Hi everyone,
I have mapped some PacBio long reads onto an assembled genome and I'm interested in finding out reads that span (encompass) some regions of interest.
To do that, I'm using the following command, which should return reads that cover my ROI coordinates in a .bed
file.
bedtools intersect -abam mappedReads.bam -b ROI.bed -F 1.0 -c -bed > ROIreads.bed
What I noticed, however, is that the output always double counts what appears to be a single read; something like this:
contig1 876600 923835 m64269e_211012_003412/93128595/54266_87870 60 + 869186 924692 0,0,0 1 3156, 0,
contig1 876600 923835 m64269e_211012_003412/93128595/54266_87870 60 + 869186 924692 0,0,0 1 3156, 0,
What might be the possible reasons for this output?
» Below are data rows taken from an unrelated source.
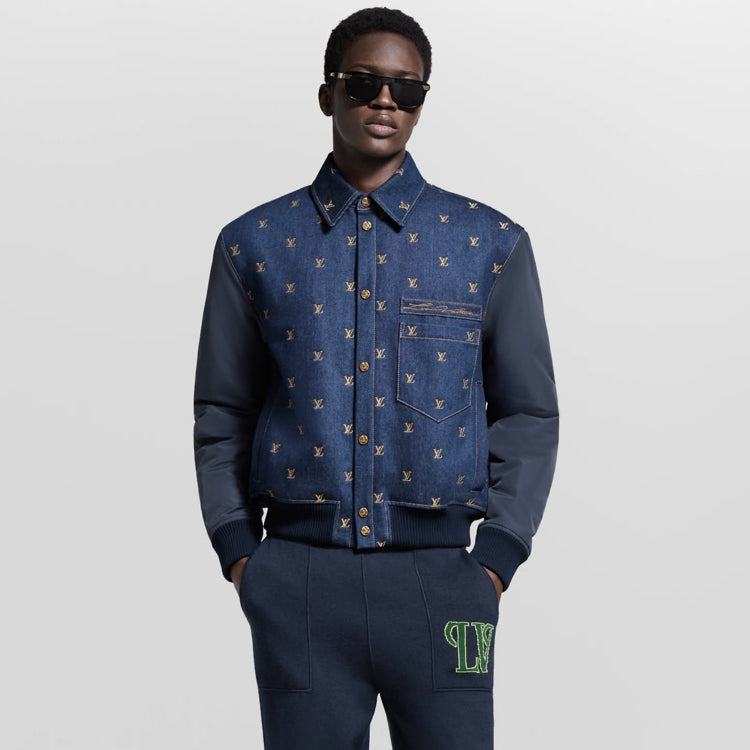 This baseball jacket cleverly revitalizes the classic men's style. The denim garment features a full embroidered LV Blason pattern, with a handwritten Louis Vuitton logo on the chest pocket indicating the brand identity. Nylon sleeves and ribbed elements collide with dynamic vitality, and the quilted lining hides clever functions that can easily cross seasonal changes
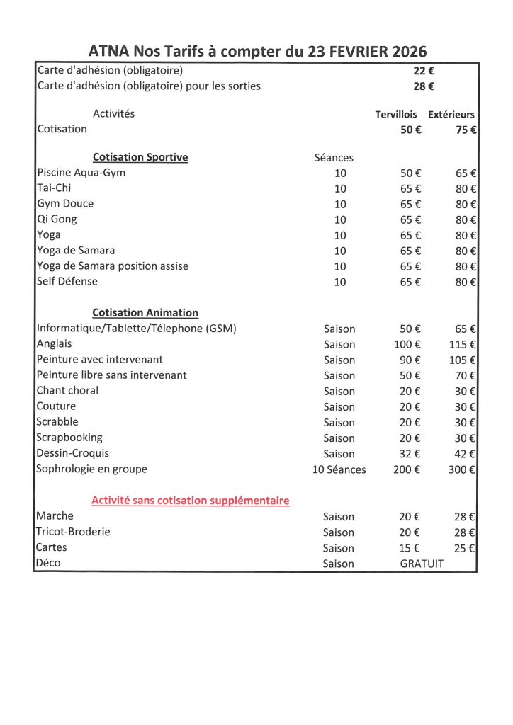 NOS TARIFS A COMPTER DU 23 FEVRIER 2026
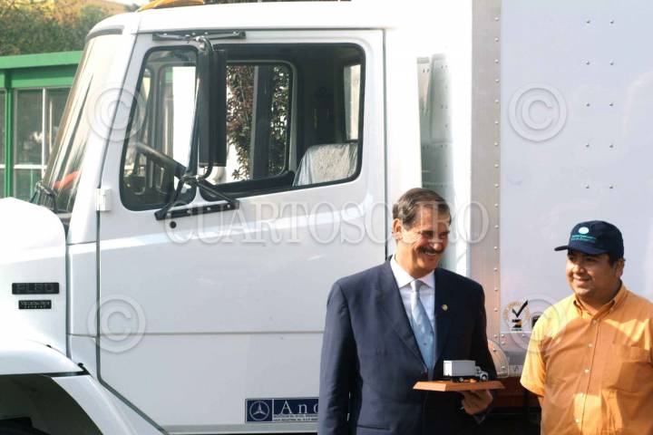 Dentro de la presentación del Programa de Financiamiento al Pequeño Transportista 2003, realizado en el Museo Tecnológico de la CFE, Vicente Fox Quesada entregó unidades de camiones a pequeños transportistas y mencionó "que el crédito impulsa el desarrollo en materia económica al país". FOTO: Eunice Adorno/CUARTOSCURO.COM

One potential source of this problem that I can think of is that I have converted my PacBio subreads data (which comes in .bam
and .xml
files using samtools
instead of the BAM2fastx
, which means that it does not reference the native .xml
file from the sequencing run. I did not use the recommended BAM2fastx
as it was reporting that I have a missing file; but that is a separate issue. However, if this is indeed the problem, please let me know.
Thank you all!
Update: The double counting phenomenon is indeed due to an error with the conversion using
samtools
. Counting withBAM2fastx
resolves this issue completely. The.xml
file is also unnecessary for the conversion.